Try it:
Print the listing below only from the line that has "碳基场效应晶体管(FET)生" through the line that has "b) Flugblätter, in", exactly, and drop any picture.

━━━ Data records

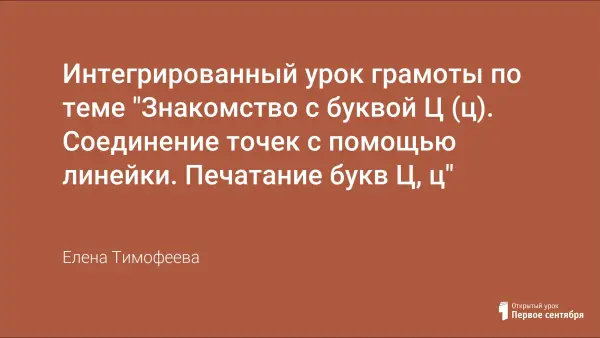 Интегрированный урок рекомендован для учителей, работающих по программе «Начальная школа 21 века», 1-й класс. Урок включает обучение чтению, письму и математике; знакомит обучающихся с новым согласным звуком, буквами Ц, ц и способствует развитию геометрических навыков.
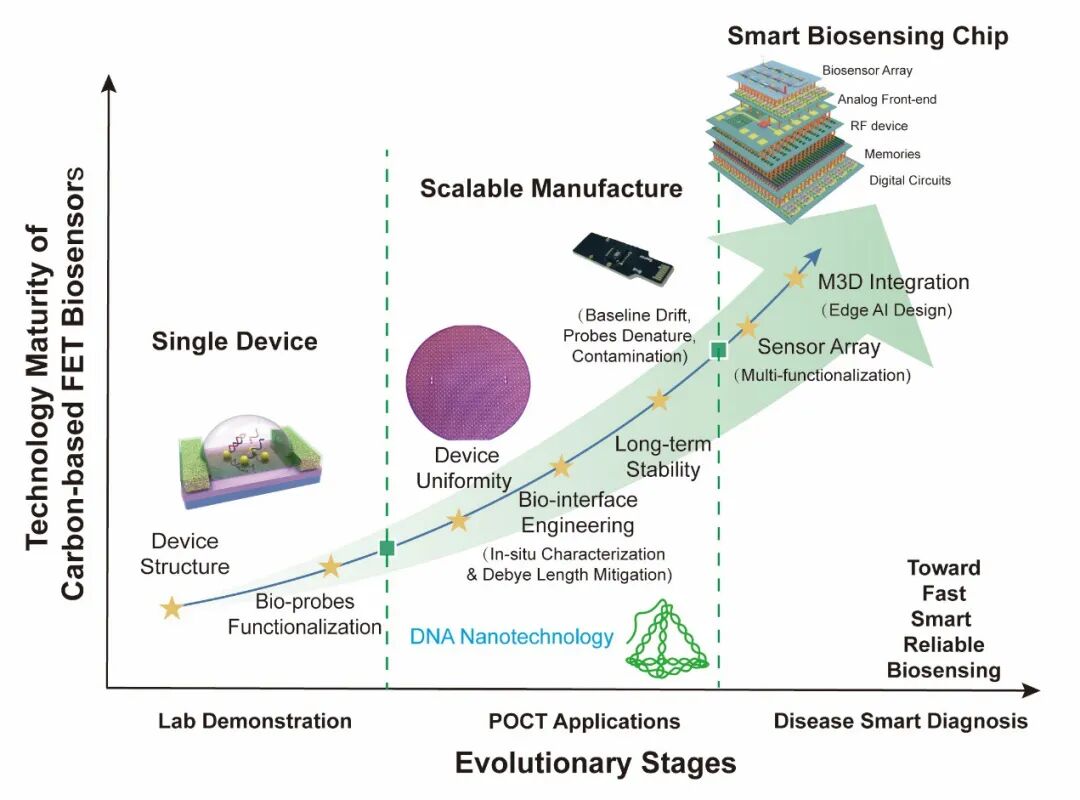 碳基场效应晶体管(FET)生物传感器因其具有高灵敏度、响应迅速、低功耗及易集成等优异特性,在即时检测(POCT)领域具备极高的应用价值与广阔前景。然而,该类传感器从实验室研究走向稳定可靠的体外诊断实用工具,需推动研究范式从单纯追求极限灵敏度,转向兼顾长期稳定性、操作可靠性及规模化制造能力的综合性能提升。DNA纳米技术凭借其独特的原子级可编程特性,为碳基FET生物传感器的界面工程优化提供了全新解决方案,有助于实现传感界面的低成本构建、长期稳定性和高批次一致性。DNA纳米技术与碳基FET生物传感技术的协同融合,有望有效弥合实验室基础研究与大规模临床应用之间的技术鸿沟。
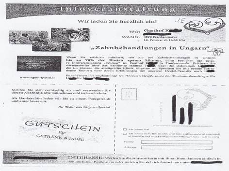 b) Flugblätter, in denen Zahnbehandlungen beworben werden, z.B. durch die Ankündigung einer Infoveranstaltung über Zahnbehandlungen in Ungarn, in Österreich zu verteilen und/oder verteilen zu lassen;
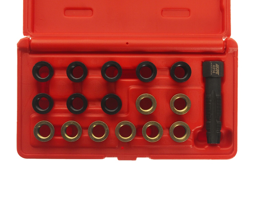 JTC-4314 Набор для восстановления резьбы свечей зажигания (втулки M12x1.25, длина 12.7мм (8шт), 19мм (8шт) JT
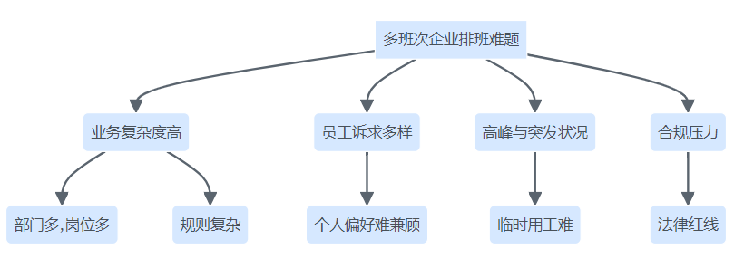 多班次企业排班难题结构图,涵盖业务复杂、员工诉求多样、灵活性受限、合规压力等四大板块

━━━━━━
━━━ Data records

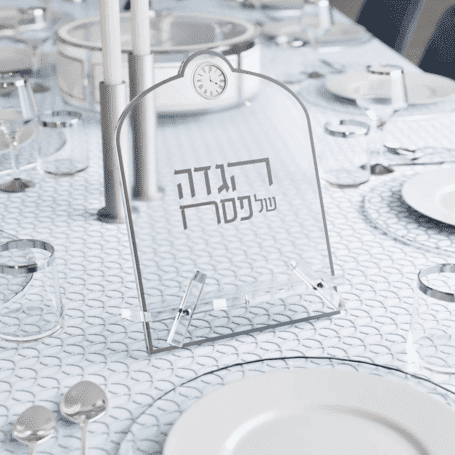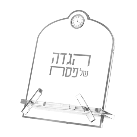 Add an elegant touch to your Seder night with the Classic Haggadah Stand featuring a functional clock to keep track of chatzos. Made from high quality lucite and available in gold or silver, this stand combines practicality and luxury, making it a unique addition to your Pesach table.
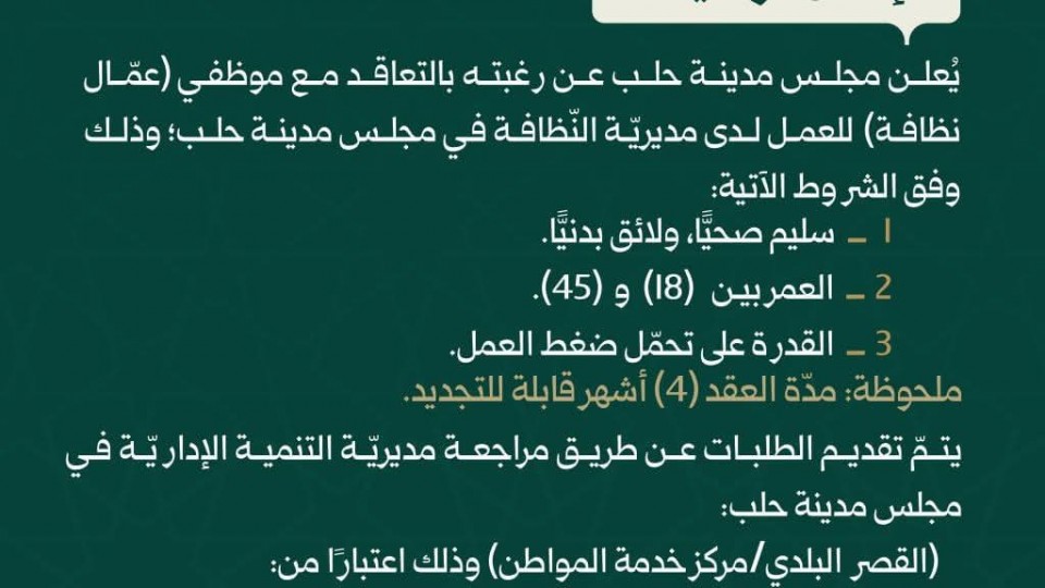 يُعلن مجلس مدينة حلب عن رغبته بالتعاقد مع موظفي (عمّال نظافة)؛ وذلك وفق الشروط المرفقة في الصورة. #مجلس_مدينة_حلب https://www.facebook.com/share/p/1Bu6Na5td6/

━━━━━━

Exercise response:
 碳基场效应晶体管(FET)生物传感器因其具有高灵敏度、响应迅速、低功耗及易集成等优异特性,在即时检测(POCT)领域具备极高的应用价值与广阔前景。然而,该类传感器从实验室研究走向稳定可靠的体外诊断实用工具,需推动研究范式从单纯追求极限灵敏度,转向兼顾长期稳定性、操作可靠性及规模化制造能力的综合性能提升。DNA纳米技术凭借其独特的原子级可编程特性,为碳基FET生物传感器的界面工程优化提供了全新解决方案,有助于实现传感界面的低成本构建、长期稳定性和高批次一致性。DNA纳米技术与碳基FET生物传感技术的协同融合,有望有效弥合实验室基础研究与大规模临床应用之间的技术鸿沟。
 b) Flugblätter, in denen Zahnbehandlungen beworben werden, z.B. durch die Ankündigung einer Infoveranstaltung über Zahnbehandlungen in Ungarn, in Österreich zu verteilen und/oder verteilen zu lassen;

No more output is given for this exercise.